> _What is needed_:
Write out again, unchanged, the line that has "alte Ansichtskarte, gelaufen" and each following line through the end of the entries below; leave pictures out.

> _Dataset content_:
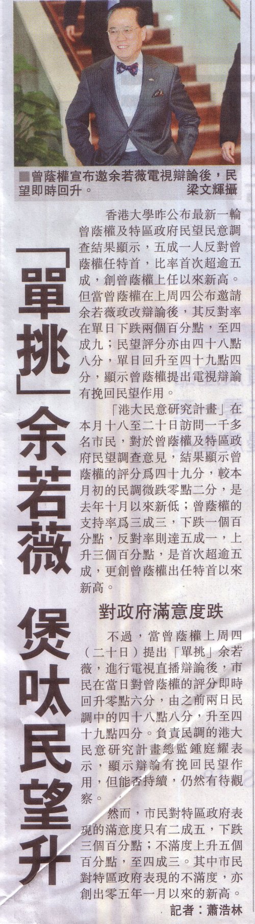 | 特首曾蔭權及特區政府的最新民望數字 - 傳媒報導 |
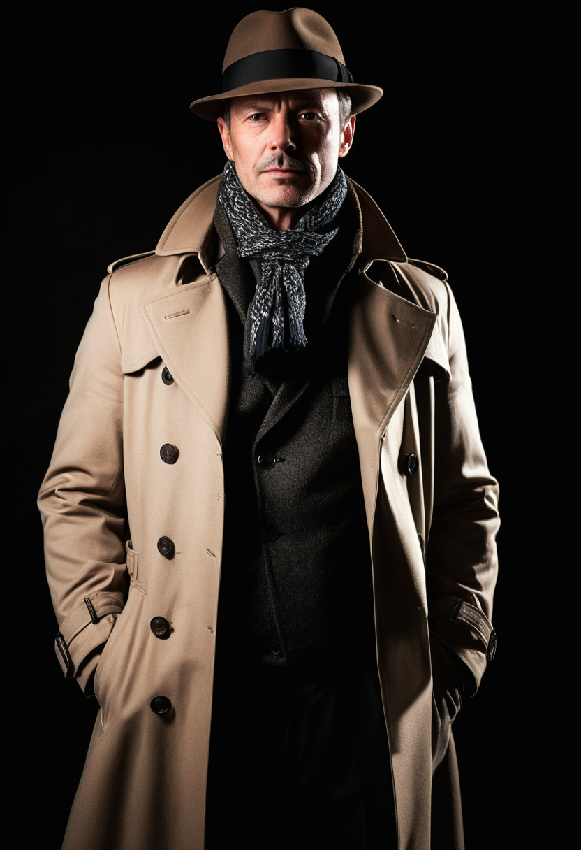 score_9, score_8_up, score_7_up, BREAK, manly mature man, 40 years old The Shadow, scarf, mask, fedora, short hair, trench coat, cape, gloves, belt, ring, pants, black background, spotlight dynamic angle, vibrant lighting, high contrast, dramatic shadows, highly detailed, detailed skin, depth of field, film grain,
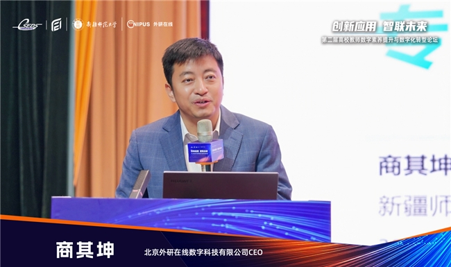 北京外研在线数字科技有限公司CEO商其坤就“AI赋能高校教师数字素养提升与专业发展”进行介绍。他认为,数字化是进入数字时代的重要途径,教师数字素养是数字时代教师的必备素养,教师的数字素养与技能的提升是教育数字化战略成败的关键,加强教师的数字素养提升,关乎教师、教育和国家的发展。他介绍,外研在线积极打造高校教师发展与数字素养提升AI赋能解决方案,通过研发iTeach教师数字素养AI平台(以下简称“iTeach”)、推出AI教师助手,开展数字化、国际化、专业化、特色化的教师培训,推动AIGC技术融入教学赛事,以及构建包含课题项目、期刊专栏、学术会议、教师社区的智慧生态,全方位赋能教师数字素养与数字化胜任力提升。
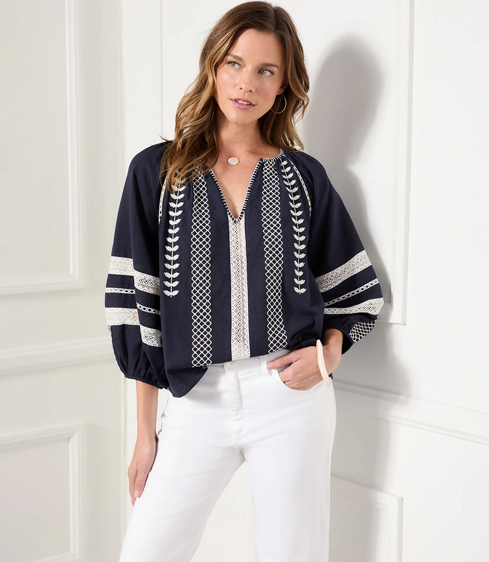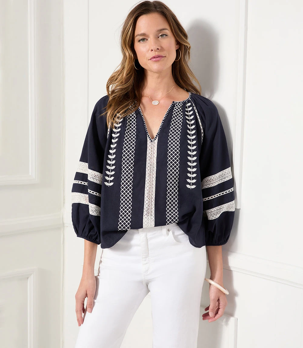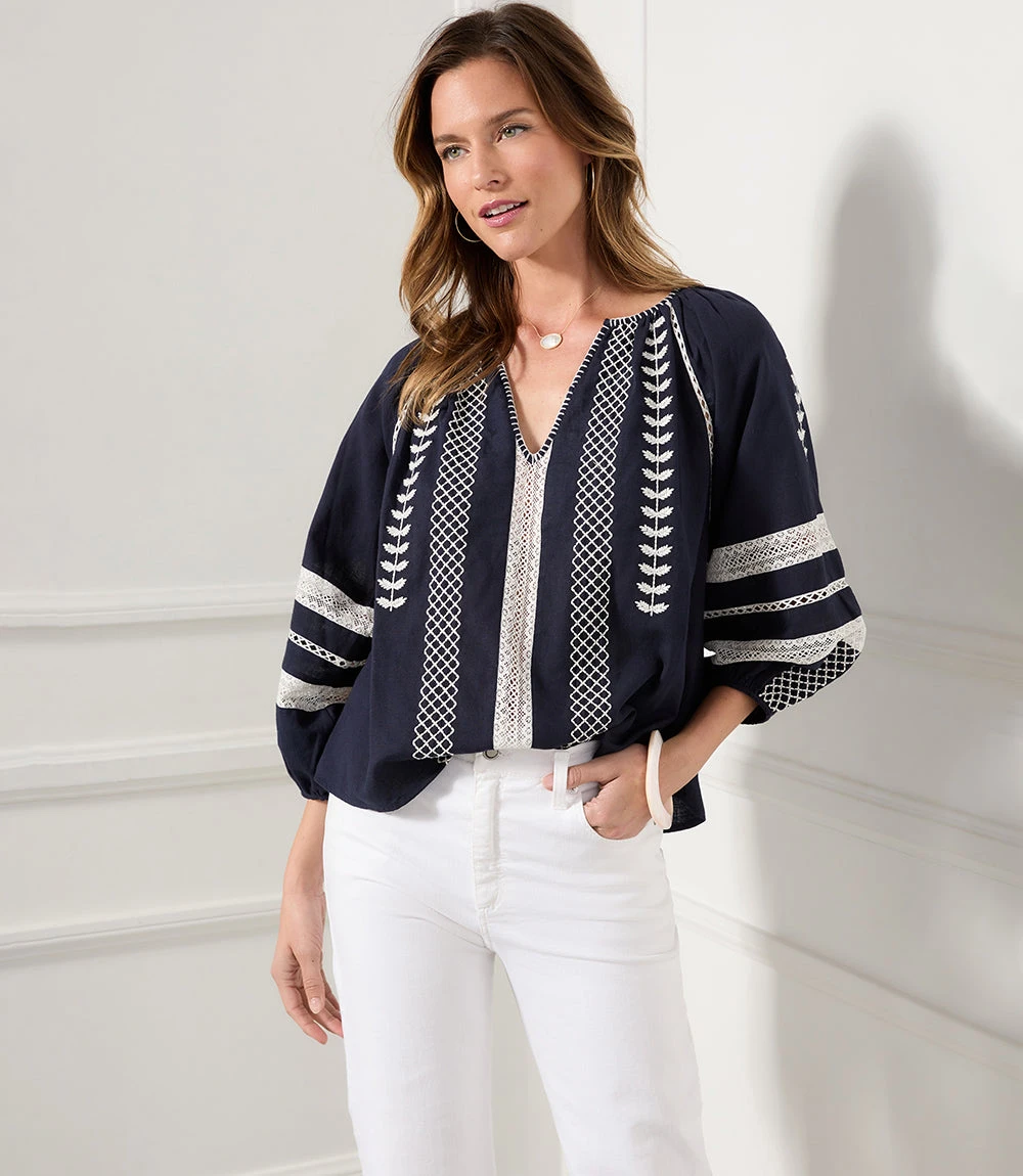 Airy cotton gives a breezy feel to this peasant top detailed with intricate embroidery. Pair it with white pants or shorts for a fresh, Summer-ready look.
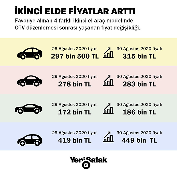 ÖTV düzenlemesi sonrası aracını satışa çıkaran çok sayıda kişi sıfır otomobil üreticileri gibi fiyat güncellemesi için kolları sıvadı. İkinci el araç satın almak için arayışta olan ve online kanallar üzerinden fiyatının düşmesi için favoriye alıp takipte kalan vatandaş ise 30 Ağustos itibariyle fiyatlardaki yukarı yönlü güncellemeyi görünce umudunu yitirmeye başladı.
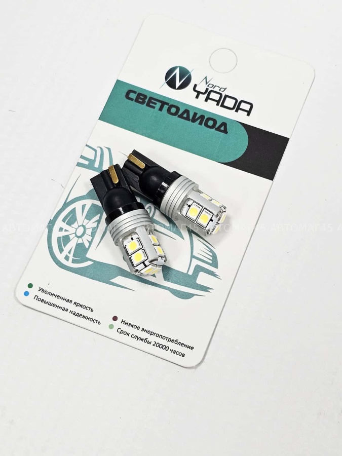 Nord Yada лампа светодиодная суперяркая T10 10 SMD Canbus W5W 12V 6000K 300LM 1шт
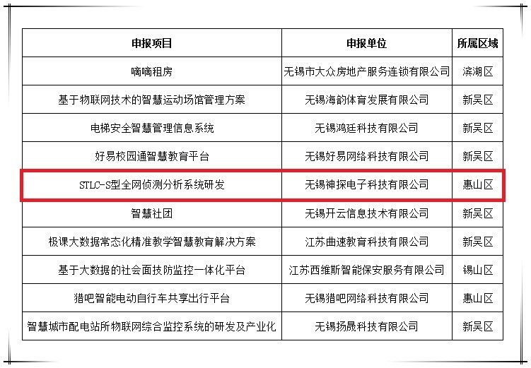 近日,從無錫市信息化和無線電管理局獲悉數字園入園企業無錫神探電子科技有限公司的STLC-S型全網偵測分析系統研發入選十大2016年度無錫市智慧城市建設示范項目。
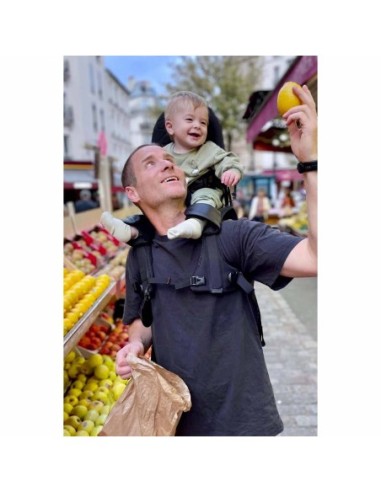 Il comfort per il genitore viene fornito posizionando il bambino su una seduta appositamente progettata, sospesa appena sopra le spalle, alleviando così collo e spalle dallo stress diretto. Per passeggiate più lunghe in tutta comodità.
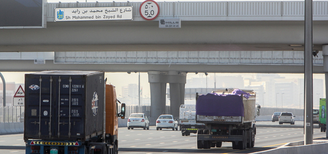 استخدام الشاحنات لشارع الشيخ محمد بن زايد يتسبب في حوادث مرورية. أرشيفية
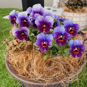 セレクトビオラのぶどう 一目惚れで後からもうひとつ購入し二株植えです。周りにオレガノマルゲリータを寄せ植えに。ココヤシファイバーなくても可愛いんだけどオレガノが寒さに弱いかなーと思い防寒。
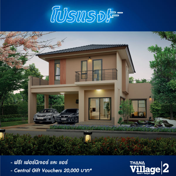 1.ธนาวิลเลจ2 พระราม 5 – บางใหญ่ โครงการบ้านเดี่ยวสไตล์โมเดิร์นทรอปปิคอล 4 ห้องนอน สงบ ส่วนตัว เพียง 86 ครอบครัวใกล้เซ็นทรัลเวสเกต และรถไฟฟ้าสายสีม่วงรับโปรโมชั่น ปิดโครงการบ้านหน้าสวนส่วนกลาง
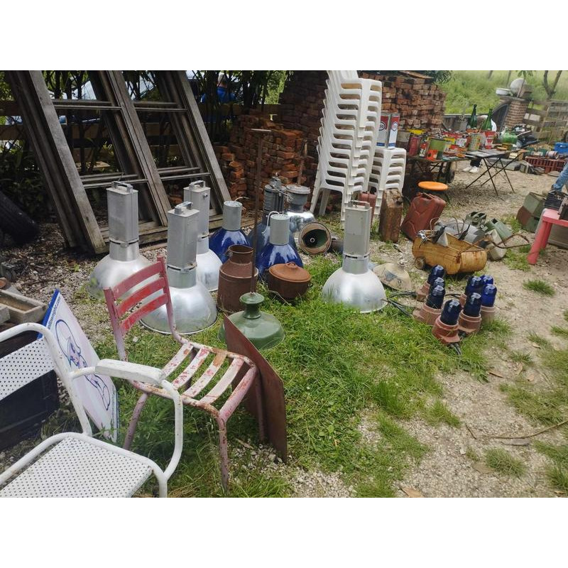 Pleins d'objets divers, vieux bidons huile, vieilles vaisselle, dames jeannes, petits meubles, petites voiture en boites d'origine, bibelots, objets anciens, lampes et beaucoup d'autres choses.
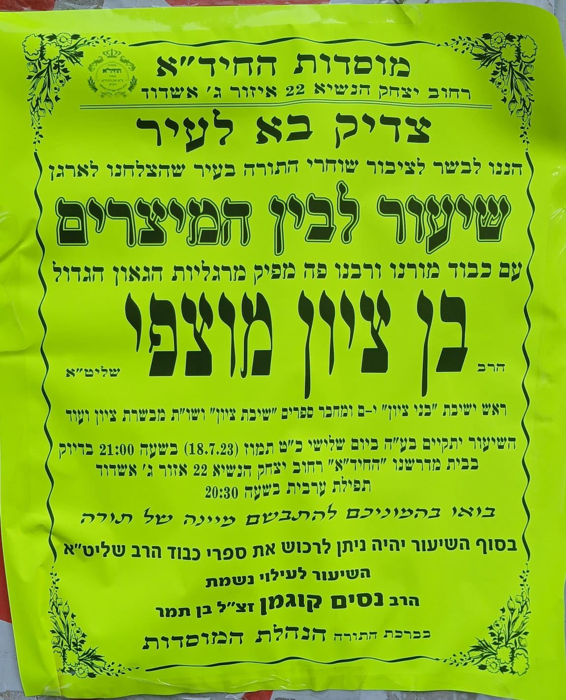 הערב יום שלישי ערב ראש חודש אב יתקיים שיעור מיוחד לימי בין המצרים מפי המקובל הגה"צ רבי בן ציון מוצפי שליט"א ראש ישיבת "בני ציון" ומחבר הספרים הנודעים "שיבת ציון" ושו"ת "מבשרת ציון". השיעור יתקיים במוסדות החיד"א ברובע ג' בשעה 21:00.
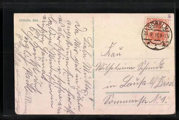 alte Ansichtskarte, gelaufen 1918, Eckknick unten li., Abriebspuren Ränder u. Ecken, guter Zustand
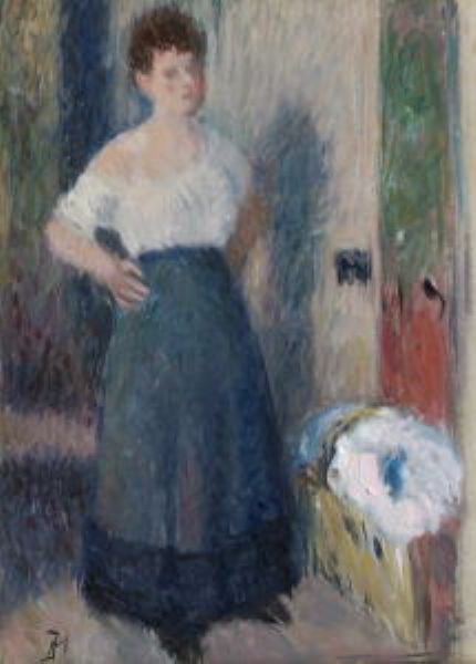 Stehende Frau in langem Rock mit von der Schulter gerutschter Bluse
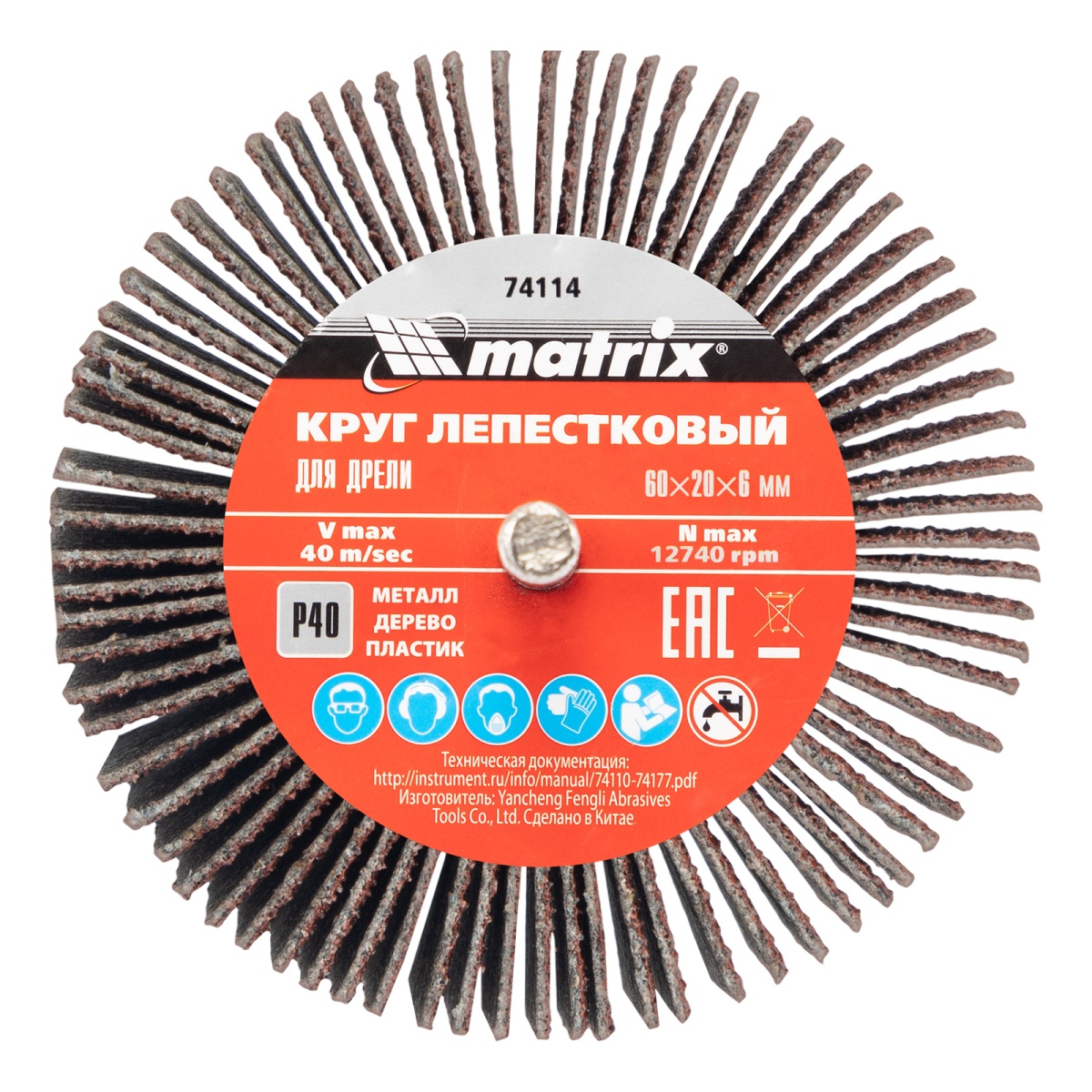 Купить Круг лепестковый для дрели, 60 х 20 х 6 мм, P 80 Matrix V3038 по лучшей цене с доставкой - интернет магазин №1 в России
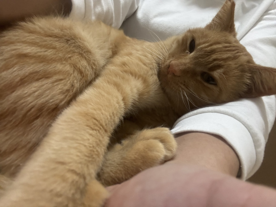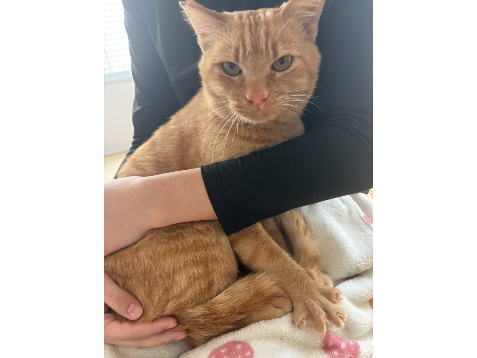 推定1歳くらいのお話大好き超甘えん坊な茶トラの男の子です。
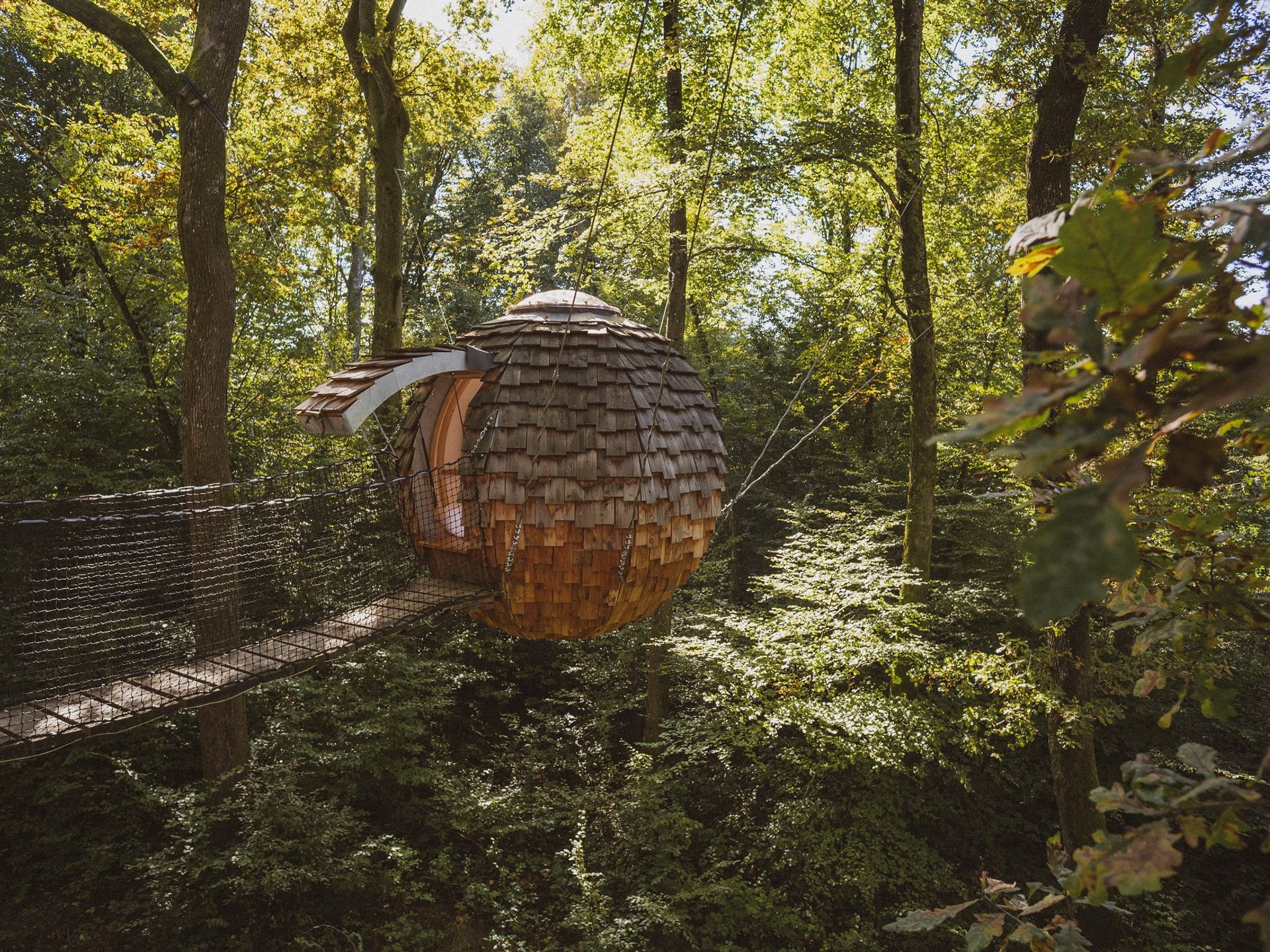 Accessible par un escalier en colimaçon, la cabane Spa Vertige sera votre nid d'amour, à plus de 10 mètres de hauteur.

> _Solved problem_:
 alte Ansichtskarte, gelaufen 1918, Eckknick unten li., Abriebspuren Ränder u. Ecken, guter Zustand
 Stehende Frau in langem Rock mit von der Schulter gerutschter Bluse
 Купить Круг лепестковый для дрели, 60 х 20 х 6 мм, P 80 Matrix V3038 по лучшей цене с доставкой - интернет магазин №1 в России
 推定1歳くらいのお話大好き超甘えん坊な茶トラの男の子です。
 Accessible par un escalier en colimaçon, la cabane Spa Vertige sera votre nid d'amour, à plus de 10 mètres de hauteur.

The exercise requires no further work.